▶ EXERCISE DESCRIPTION
For the listing below, return the line containing "在2021第四季度独立显卡的", the line containing "다른 예를 들어 그림으로", and all lines in between, exactly as written and nothing else.

▶ RECORDS PROVIDED

____

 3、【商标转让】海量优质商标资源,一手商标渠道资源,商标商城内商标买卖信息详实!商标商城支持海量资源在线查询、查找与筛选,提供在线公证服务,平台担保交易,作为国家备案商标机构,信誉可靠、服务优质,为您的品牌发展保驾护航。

____

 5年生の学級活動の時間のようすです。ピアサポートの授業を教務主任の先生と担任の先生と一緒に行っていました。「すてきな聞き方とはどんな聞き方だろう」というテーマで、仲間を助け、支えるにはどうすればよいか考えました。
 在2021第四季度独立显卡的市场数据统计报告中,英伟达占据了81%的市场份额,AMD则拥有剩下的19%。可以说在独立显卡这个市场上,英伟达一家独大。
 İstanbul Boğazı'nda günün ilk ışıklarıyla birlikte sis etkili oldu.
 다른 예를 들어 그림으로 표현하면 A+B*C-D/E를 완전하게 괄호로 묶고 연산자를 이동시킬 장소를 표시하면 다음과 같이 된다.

____

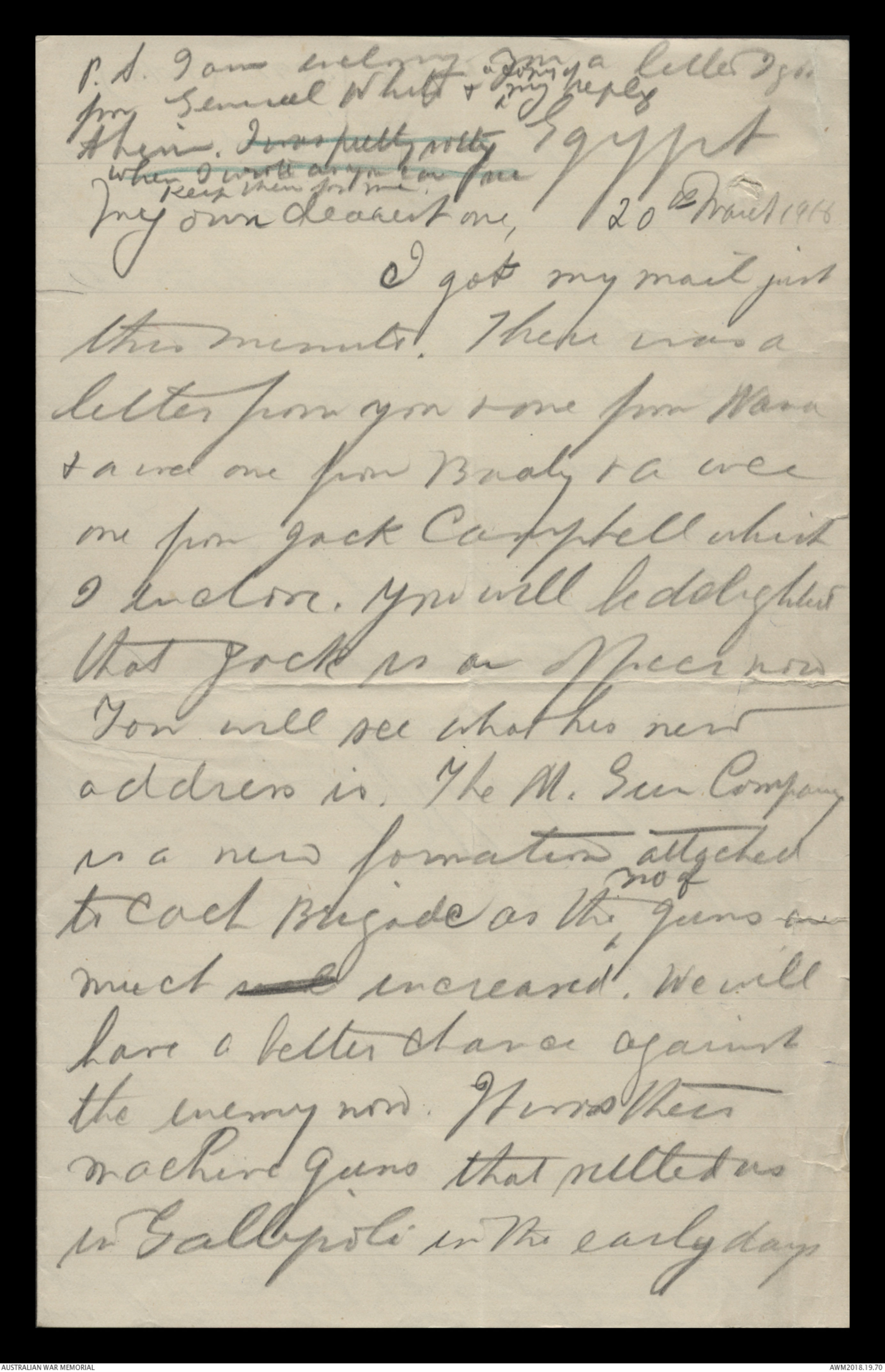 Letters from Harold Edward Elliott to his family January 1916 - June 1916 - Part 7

____

▶ EXPECTED ANSWER
 在2021第四季度独立显卡的市场数据统计报告中,英伟达占据了81%的市场份额,AMD则拥有剩下的19%。可以说在独立显卡这个市场上,英伟达一家独大。
 İstanbul Boğazı'nda günün ilk ışıklarıyla birlikte sis etkili oldu.
 다른 예를 들어 그림으로 표현하면 A+B*C-D/E를 완전하게 괄호로 묶고 연산자를 이동시킬 장소를 표시하면 다음과 같이 된다.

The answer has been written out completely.